Reputation: 3186
I am currently working to deploy two spark applications and I want to restrict cores and executors per application. My config is as follows:
spark.executor.cores=1
spark.driver.cores=1
spark.cores.max=1
spark.executor.instances=1
Now the issue is that with this exact configuration, one streaming application works while the other doesn't. The application that doesn't work remain in state: RUNNING and continuously print the following message in logs:
17/03/06 10:31:50 INFO JobScheduler: Added jobs for time 1488814310000 ms
17/03/06 10:31:55 INFO JobScheduler: Added jobs for time 1488814315000 ms
Surprisingly, if I change the configuration to the following, the same application that was not working now proceed without problem.
spark.executor.cores=3
spark.driver.cores=1
spark.cores.max=3
spark.executor.instances=3
Note: The application does not work with value 2. This is why I use a minimum of 3.
It thus appears that some streaming applications need more cores than others. My question is what determines how much resources an application needs? Why is one application not able to run with once single core while it can run with 3 cores?
Upvotes: 0
Views: 487
Reputation: 20826
How many receivers are you using?
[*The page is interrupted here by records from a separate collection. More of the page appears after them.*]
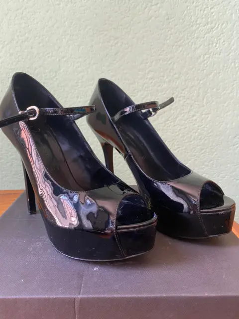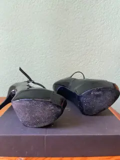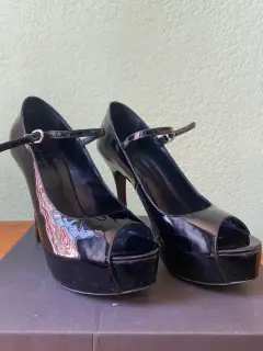 Padrisimos zapatos de tacón negros « Peep toes » de plataforma de charol 👠👠👠 con correa al tobillo marca Diego Torre Blanca talla 24, totalmente de piel ideales para usar con vestido de fiesta y perfectos para bailar, están usados pero en muy buen estado.
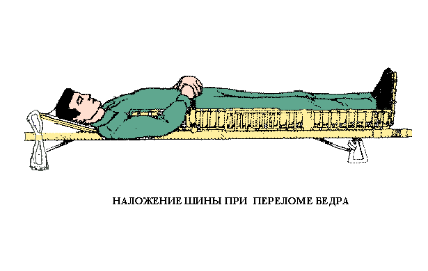 шина должна фиксировать не менее двух суставов, а при переломе бедра - все суставы нижней конечности;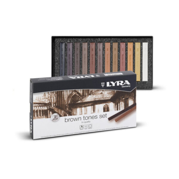 Un estuche de 12 tizas pastel para uso artístico, con tonos marrones intensos y brillantes. Los bordes permiten definir pequeños detalles, mientras que la parte plana de la tiza permite colorear áreas más amplias. Los pigmentos tienen un alto poder cubriente y una elevada adhesión. Son excelentes para realizar bocetos a color y se recomienda utilizarlos junto a los Lyra Polycrayons Soft.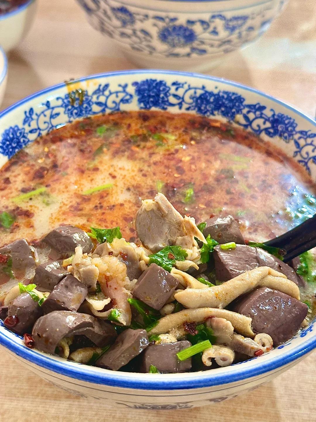 / 鸡血汤 /开封重口味的汤并不只有羊双肠汤一个,还有鸡血汤。做法一般是采用整鸡炖煮熬汤,将鸡血、鸡肠、鸡心、鸡肝、鸡肉酥肉等各种食材备好。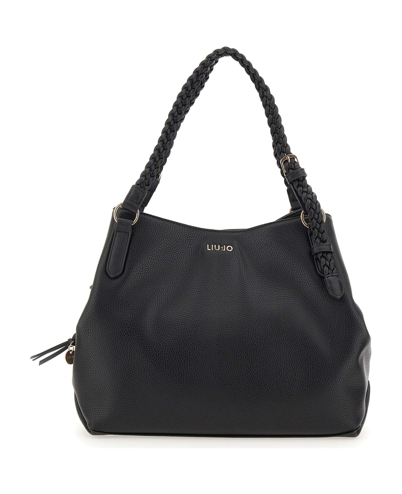 Shoulder bag Liu-Jo "Campanula", black, eco-sustainable in Pu, hem feet in metal, magnetic fastening, double handle with adjustable intertwining, 60cm long adjustable and removable shoulder strap, gold hardware, front gold logo, three internal compartments, central one with zip, animalier lining. Dimensions: height 29cm, width 34cm, depth 14cm.

You must make sure there are enough cores for running receivers and Spark jobs:
A DStream is associated with a single receiver. For attaining read parallelism multiple receivers i.e. multiple DStreams need to be created. A receiver is run within an executor. It occupies one core. Ensure that there are enough cores for processing after receiver slots are booked i.e. spark.cores.max should take the receiver slots into account. The receivers are allocated to executors in a round robin fashion.
http://spark.apache.org/docs/latest/streaming-programming-guide.html#important-points-to-remember
Upvotes: 1